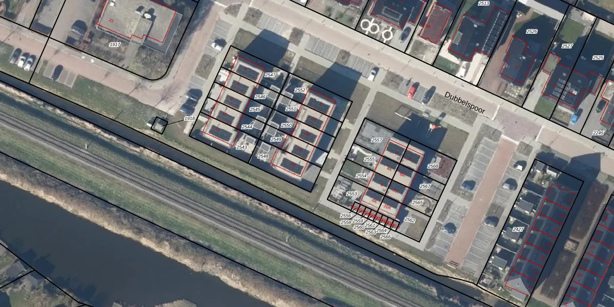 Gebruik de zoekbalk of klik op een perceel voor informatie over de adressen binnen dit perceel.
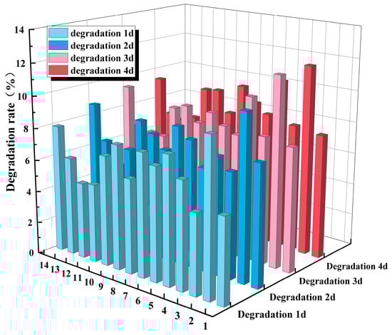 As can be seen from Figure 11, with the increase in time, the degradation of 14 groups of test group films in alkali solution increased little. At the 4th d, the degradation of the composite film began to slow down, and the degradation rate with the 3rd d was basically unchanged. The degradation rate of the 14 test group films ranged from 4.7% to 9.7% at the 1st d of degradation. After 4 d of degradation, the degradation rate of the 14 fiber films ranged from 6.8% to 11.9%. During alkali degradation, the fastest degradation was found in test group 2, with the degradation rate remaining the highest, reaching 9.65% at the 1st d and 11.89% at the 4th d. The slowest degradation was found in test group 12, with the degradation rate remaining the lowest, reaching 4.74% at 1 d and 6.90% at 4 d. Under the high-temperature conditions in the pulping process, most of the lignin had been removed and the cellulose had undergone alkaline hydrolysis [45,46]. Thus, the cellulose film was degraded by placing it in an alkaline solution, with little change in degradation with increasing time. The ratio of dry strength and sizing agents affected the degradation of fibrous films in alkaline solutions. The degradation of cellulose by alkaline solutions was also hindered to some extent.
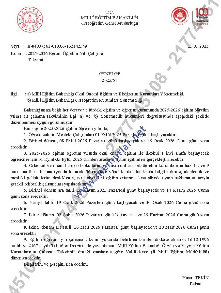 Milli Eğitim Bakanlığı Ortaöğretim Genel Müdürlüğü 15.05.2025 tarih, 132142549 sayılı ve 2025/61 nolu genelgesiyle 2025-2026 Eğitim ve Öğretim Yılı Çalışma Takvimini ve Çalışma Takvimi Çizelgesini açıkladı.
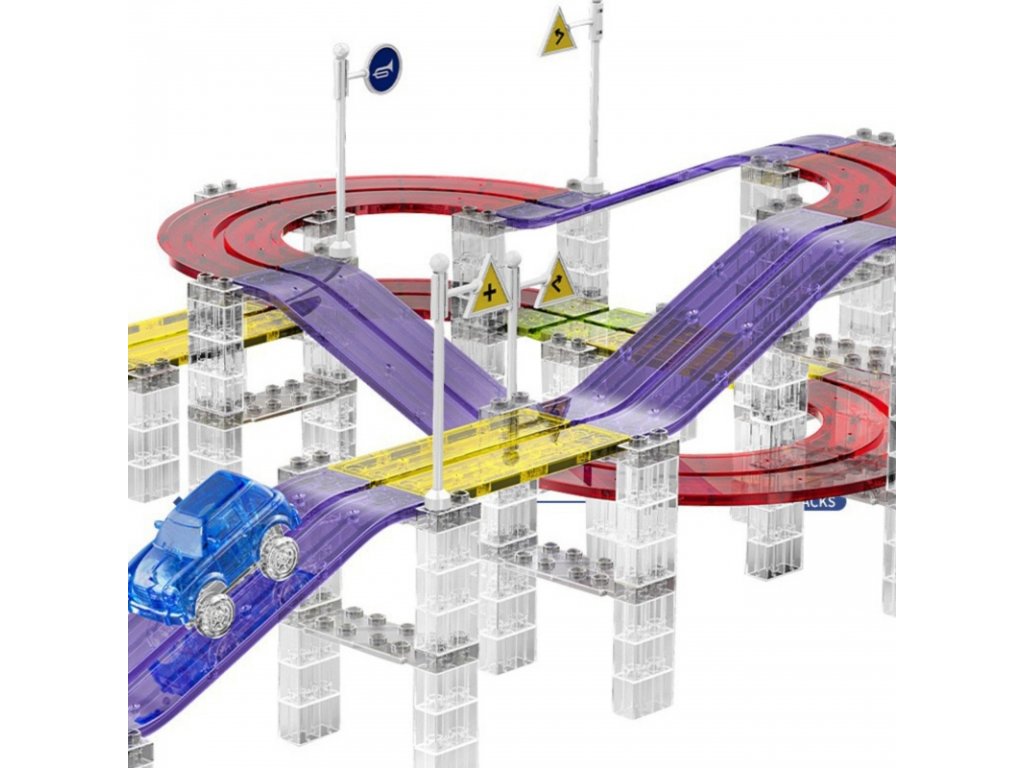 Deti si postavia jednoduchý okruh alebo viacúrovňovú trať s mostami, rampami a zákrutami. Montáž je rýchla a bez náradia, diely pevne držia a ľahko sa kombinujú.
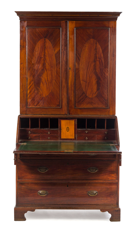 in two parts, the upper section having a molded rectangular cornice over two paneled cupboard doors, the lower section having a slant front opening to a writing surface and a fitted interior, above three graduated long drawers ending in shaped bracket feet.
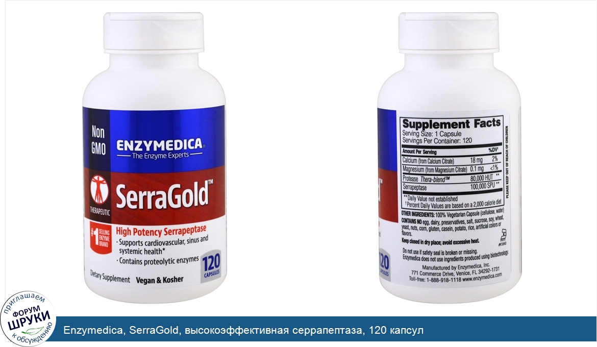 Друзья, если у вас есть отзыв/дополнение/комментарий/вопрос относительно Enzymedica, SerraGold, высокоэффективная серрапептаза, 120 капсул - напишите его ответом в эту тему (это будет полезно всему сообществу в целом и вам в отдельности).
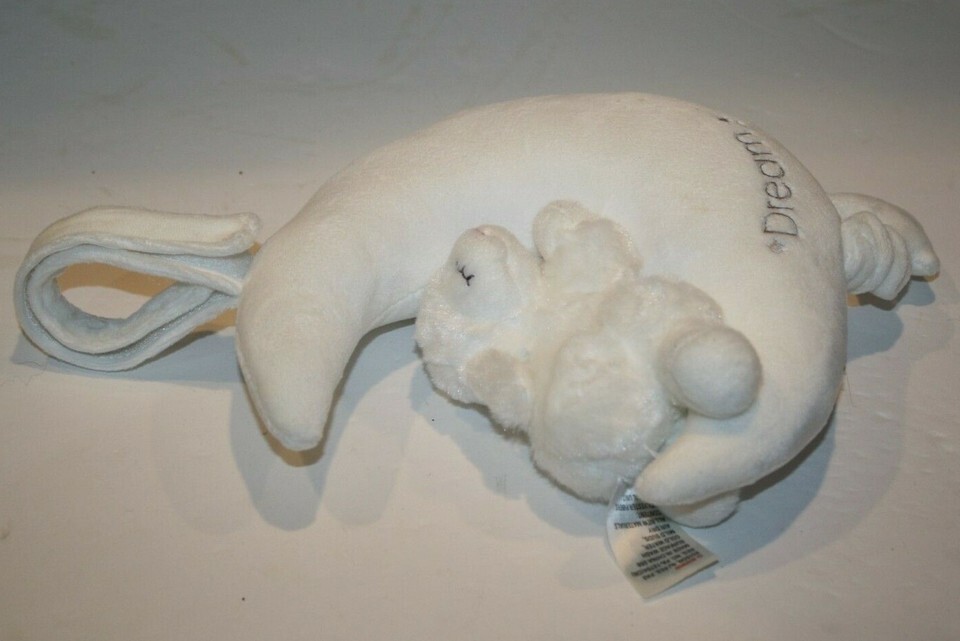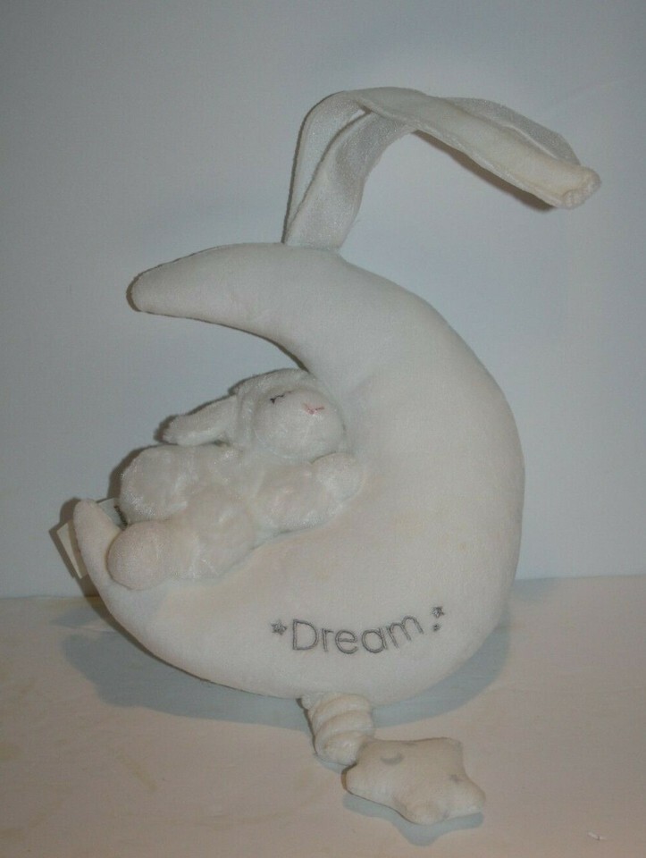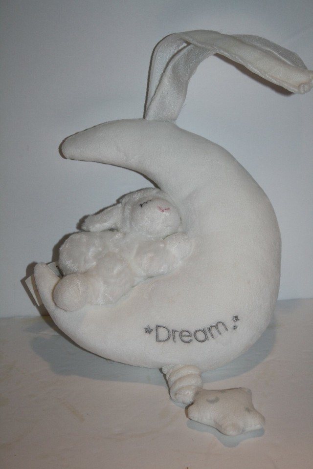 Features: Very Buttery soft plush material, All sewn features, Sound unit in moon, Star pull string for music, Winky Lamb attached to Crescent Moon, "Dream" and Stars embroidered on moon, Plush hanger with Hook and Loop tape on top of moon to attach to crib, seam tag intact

* * *

REQUIRED ACTION →
A verbatim transcript of the entries above is required, with the pictures left out.

WRITTEN RESPONSE →
 Gebruik de zoekbalk of klik op een perceel voor informatie over de adressen binnen dit perceel.
 As can be seen from Figure 11, with the increase in time, the degradation of 14 groups of test group films in alkali solution increased little. At the 4th d, the degradation of the composite film began to slow down, and the degradation rate with the 3rd d was basically unchanged. The degradation rate of the 14 test group films ranged from 4.7% to 9.7% at the 1st d of degradation. After 4 d of degradation, the degradation rate of the 14 fiber films ranged from 6.8% to 11.9%. During alkali degradation, the fastest degradation was found in test group 2, with the degradation rate remaining the highest, reaching 9.65% at the 1st d and 11.89% at the 4th d. The slowest degradation was found in test group 12, with the degradation rate remaining the lowest, reaching 4.74% at 1 d and 6.90% at 4 d. Under the high-temperature conditions in the pulping process, most of the lignin had been removed and the cellulose had undergone alkaline hydrolysis [45,46]. Thus, the cellulose film was degraded by placing it in an alkaline solution, with little change in degradation with increasing time. The ratio of dry strength and sizing agents affected the degradation of fibrous films in alkaline solutions. The degradation of cellulose by alkaline solutions was also hindered to some extent.
 Milli Eğitim Bakanlığı Ortaöğretim Genel Müdürlüğü 15.05.2025 tarih, 132142549 sayılı ve 2025/61 nolu genelgesiyle 2025-2026 Eğitim ve Öğretim Yılı Çalışma Takvimini ve Çalışma Takvimi Çizelgesini açıkladı.
 Deti si postavia jednoduchý okruh alebo viacúrovňovú trať s mostami, rampami a zákrutami. Montáž je rýchla a bez náradia, diely pevne držia a ľahko sa kombinujú.
 in two parts, the upper section having a molded rectangular cornice over two paneled cupboard doors, the lower section having a slant front opening to a writing surface and a fitted interior, above three graduated long drawers ending in shaped bracket feet.
 Друзья, если у вас есть отзыв/дополнение/комментарий/вопрос относительно Enzymedica, SerraGold, высокоэффективная серрапептаза, 120 капсул - напишите его ответом в эту тему (это будет полезно всему сообществу в целом и вам в отдельности).
 Features: Very Buttery soft plush material, All sewn features, Sound unit in moon, Star pull string for music, Winky Lamb attached to Crescent Moon, "Dream" and Stars embroidered on moon, Plush hanger with Hook and Loop tape on top of moon to attach to crib, seam tag intact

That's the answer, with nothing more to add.